しかし、ヒイロの周りにバリアが展開され、炎は防がれた。
「なに!?」
「手札の『プチクリボー』の効果。俺が戦闘、または魔法・罠・モンスター効果でダメージを受けるとき、手札から守備表示で特殊召喚し、1度だけダメージを0にする。」
プチクリボー レベル1 守備0
「ちっ・・・しぶとい。ターンエンド。」
ヒイロ
手札1→0
ライフ3700
場 プチクリボー レベル1 守備0
伏せカード1
ダークシグナー
手札0
ライフ1300
場 幻龍ディアボロス(『Eギルファー・デーモン』装備) レベル-5 攻撃3900
幻蝶の刺客アゲハ レベル4 攻撃1800
銃士トークン(幻トークン) レベル4 攻撃500
幻銃士 レベル4 攻撃1100
幻の和平協定(永続魔法)
ヒイロはデッキを見る。
「(おそらくこれがラストターン・・・。この状況を脱することができるカードは龍可がくれたカード1枚だけ・・・。)」
ヒイロは目を閉じる。
そして、龍可がカードをくれたときのことを思い出した。
「(私のお守りのカードの1枚なの。ヒイロを守ってくれるわ。)」
「龍可・・・力を貸してくれ・・・。俺のターン。」
ヒイロは目を閉じたままカードを引く。
そして、目を開いて引いたカードを見る。
「・・・。きた・・・。罠カード発動。『逆襲への道』。俺のフィールド上にモンスターが存在せず、相手フィールド上に攻撃力3000以上のモンスターが存在するとき、墓地に存在するレベル4以下のモンスターを2体特殊召喚する。出ろ。『Eサイキッカー』『Eゴーレム』。」
逆襲への道
罠カード
時運フィールド上にモンスターが存在せず、相手フィールド上に攻撃力3000以上のモンスターが存在するときに発動できる。

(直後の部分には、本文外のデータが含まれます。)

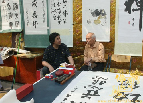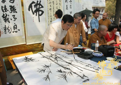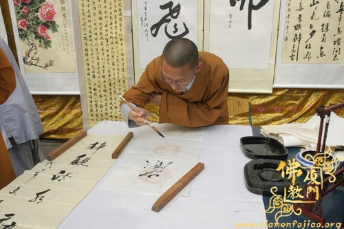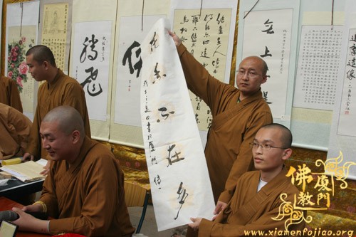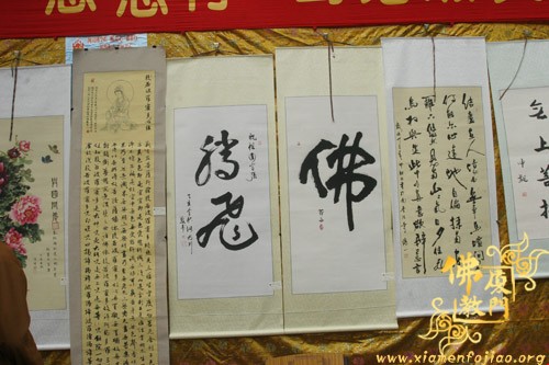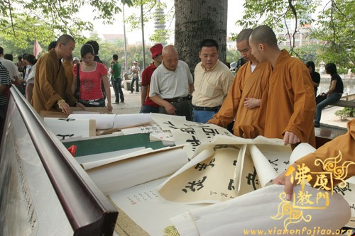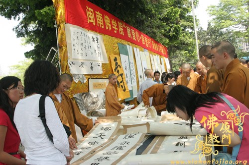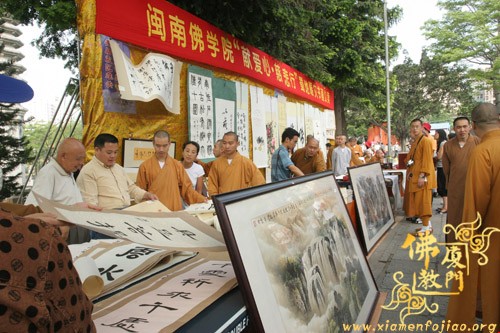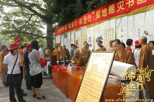 【厦门佛教在线】5月17日报道:今天上午8点,闽南佛学院举行“献爱心 慈悲行”蜀地赈灾书画义卖活动,为期2天。中国书法家协会会员、厦门书法家协会副主席李诗斌,中国美术家协会会员、福建省书法家协会会员黄福坤,中国画创作室刘守信等知名书法家、画家参与此次书画义卖活动。现场气氛活跃,大家积极参与,为蜀地灾民奉献爱心。

自分の墓地に存在するレベル4以下のモンスターを2体選択し、自分フィールド上に特殊召喚する。
Eサイキッカー レベル2 守備200
Eゴーレム レベル4 守備2100
「今更シンクロ召喚しようとも、『幻龍ディアボロス』を超える攻撃力を持つモンスターはいない。あきらめろ。できそこない。」
「ならできそこないにやられる自分を呪うんだな。俺の場にチューナーモンスターが存在するとき、このカードは手札から特殊召喚できる。出ろ!『シンクロ・エクスクルーダー』。」
ヒイロの場に白いローブを着て、白いターバンとマスクで顔を隠し、先端を包帯で包まれた杖を持つ龍可そっくりなモンスターが現れる。
シンクロ・エクスクルーダー
レベル2 攻撃0 守備0 効果 光属性 魔法使い族
このカードは通常召喚できない。
自分フィールド上にチューナーが表側表示で存在する場合のみ手札から特殊召喚できる。
このカードをシンクロ素材にしてドラゴン族シンクロモンスターのシンクロ召喚に成功した時、相手フィールド上に存在するモンスター1体の攻撃力・守備力を0にする。
「なんだ・・・?そのモンスターは・・・?」
ダークシグナーは見たことのないモンスターを見て、驚いた。
「お守りだ。レベル4の『Eゴーレム』とレベル2の『シンクロ・エクスクルーダー』に、レベル2の『Eサイキッカー』をチューニング。深海に眠りし破邪の水龍よ!敵の技を無にし、激流の如く邪悪を薙ぎ払え!シンクロ召喚!出でよ!『マリンフォース・ドラゴン』!」
ヒイロの場に『マリンフォース・ドラゴン』が現れ、『プチクリボー』は嬉しそうにその周りを飛び回る。
マリンフォース・ドラゴン レベル8 攻撃2600
「『シンクロ・エクスクルーダー』の効果。このカードを素材にしてドラゴン族シンクロモンスターのシンクロ召喚に成功した時、相手フィールド上に存在するモンスター1体の攻撃力・守備力を0にする。」
「何!!?」
『幻龍ディアボロス』の前に『シンクロ・エクスクルーダー』が現れ、杖の先端を向ける。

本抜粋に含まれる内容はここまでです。